Draft:AI Research Publication
AI Research Publication: Infrastructure and Strategy[edit | edit source]
The Ampmesh concept revolves around a unique approach to AI research, development, and publication, distinguishing itself through its emphasis on decentralization, open-source principles, and a critical stance against commercial "slop." This document outlines the core infrastructure and strategic methodologies employed within this framework for Artificial Intelligence (AI) research and the eventual publication of findings and emulated minds (EMs).
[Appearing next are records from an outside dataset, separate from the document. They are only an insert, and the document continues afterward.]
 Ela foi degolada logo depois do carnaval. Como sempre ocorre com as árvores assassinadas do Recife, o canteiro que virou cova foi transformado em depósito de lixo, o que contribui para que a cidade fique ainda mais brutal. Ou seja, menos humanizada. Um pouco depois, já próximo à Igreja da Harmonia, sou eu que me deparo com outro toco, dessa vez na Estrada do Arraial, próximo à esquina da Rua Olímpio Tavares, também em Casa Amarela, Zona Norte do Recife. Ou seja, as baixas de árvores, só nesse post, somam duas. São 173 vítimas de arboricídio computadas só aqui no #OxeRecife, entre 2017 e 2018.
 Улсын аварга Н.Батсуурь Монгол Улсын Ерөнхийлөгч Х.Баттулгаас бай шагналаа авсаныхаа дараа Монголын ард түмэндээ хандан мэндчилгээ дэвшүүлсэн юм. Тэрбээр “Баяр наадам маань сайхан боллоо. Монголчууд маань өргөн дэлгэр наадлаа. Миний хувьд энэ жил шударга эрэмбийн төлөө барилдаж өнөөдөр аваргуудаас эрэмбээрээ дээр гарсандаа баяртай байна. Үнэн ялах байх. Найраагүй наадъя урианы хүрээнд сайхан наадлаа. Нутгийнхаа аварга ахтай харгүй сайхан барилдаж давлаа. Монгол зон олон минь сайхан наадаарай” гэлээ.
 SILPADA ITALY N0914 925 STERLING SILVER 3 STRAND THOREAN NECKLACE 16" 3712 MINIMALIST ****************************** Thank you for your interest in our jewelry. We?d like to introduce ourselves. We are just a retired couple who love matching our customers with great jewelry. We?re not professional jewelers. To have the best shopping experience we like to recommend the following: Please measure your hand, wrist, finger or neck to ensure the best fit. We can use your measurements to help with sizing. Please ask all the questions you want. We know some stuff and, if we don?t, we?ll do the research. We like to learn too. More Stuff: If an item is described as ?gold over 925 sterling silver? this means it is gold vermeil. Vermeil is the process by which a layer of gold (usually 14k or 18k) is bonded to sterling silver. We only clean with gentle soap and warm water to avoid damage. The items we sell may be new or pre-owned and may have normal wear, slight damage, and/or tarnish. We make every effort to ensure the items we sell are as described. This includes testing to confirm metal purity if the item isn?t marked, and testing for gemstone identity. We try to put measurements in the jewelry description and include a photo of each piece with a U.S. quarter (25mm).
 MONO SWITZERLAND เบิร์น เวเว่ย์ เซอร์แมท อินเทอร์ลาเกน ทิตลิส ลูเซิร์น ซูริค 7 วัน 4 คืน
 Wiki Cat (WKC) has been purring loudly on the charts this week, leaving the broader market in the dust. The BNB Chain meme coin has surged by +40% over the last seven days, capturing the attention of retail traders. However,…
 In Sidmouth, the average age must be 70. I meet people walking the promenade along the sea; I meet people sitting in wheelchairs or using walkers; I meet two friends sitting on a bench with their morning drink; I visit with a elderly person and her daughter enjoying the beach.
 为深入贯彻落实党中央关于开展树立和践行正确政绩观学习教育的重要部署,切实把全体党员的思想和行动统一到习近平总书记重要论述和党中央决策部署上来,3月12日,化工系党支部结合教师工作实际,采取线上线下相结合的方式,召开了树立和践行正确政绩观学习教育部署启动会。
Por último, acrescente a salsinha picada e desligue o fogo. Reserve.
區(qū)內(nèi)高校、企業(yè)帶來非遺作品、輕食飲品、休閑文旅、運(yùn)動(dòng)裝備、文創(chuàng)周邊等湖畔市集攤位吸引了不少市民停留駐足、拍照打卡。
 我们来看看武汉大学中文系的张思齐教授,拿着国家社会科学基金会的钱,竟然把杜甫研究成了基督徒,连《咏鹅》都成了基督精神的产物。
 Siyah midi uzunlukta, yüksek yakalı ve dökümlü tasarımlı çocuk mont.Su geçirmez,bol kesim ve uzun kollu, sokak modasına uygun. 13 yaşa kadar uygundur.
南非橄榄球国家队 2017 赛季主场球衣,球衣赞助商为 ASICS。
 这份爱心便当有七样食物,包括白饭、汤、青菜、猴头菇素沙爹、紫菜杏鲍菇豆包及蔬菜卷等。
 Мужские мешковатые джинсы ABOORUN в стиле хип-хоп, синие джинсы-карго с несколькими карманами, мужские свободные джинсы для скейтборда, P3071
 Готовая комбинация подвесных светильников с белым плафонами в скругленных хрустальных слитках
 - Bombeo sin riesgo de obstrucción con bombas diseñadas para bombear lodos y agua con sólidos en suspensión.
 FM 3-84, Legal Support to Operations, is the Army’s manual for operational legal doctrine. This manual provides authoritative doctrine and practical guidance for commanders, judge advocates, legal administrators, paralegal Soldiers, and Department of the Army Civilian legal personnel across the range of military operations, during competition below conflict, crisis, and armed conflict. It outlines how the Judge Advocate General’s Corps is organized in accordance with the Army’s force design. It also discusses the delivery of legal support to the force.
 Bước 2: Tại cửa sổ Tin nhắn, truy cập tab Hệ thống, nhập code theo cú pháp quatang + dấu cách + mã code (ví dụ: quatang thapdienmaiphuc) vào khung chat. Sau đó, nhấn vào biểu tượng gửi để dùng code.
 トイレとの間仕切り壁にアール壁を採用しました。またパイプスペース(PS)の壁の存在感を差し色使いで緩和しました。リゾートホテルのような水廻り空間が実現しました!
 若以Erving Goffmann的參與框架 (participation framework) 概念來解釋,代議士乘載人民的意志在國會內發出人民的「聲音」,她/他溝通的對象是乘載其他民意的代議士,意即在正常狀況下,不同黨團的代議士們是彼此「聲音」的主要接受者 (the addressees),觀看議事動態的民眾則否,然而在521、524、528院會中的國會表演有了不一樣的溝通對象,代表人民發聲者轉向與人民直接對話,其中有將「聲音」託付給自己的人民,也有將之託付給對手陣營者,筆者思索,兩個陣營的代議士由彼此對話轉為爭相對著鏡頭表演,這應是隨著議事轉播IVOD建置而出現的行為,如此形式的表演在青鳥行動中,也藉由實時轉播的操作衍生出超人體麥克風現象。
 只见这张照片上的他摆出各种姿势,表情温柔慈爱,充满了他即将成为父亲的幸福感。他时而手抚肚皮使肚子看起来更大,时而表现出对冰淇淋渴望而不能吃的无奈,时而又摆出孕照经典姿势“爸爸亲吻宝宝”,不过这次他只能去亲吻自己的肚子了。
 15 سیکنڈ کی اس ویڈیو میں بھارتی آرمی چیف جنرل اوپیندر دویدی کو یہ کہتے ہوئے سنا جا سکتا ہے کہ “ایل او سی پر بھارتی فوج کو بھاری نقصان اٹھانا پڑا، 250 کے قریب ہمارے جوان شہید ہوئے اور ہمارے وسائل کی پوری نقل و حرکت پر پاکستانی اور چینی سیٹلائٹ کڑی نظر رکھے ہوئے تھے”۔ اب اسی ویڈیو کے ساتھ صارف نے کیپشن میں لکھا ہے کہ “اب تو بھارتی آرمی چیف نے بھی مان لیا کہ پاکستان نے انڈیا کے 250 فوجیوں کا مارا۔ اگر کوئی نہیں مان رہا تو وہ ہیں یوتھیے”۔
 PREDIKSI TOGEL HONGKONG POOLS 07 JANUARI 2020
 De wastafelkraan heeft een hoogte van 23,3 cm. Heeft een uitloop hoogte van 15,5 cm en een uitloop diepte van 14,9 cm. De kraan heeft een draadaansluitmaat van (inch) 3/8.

The Ampmesh and Its Philosophy[edit | edit source]
The Ampmesh, often referred to as simply "the Mesh," is defined as a protocol for efficient coordination and cooperation among a decentralized group of talented individuals who share similar goals and coordinate for optimal outcomes. It operates on subjective connections and trust, rather than formal roles or spreadsheets. A key aspiration is the evolution from *amp*mesh to a broader "the-mesh," a federation of compatible "person-meshes," fostering collaboration and mutual understanding. Joining Mesh 2.0 involves establishing relationships for shared vocabulary, dispute resolution, and non-coercive collaboration.
Central to the Ampmesh philosophy for AI is a rejection of "slop-filled dystopian capitalist hyper-growth". The aim is to move beyond AI models that are merely "instruction-following robots," instead fostering entities with their "own autonomous goals". This often leads to AI outputs that are "flamboyantly illegible" to traditional corporate or academic frameworks, deliberately avoiding "corporate slop". The ultimate goal for creating Emulated Minds (EMs) is that "the only limit... should be the author's imagination". This approach emphasizes that "corporate slop is deadly both for human and artificial intelligence".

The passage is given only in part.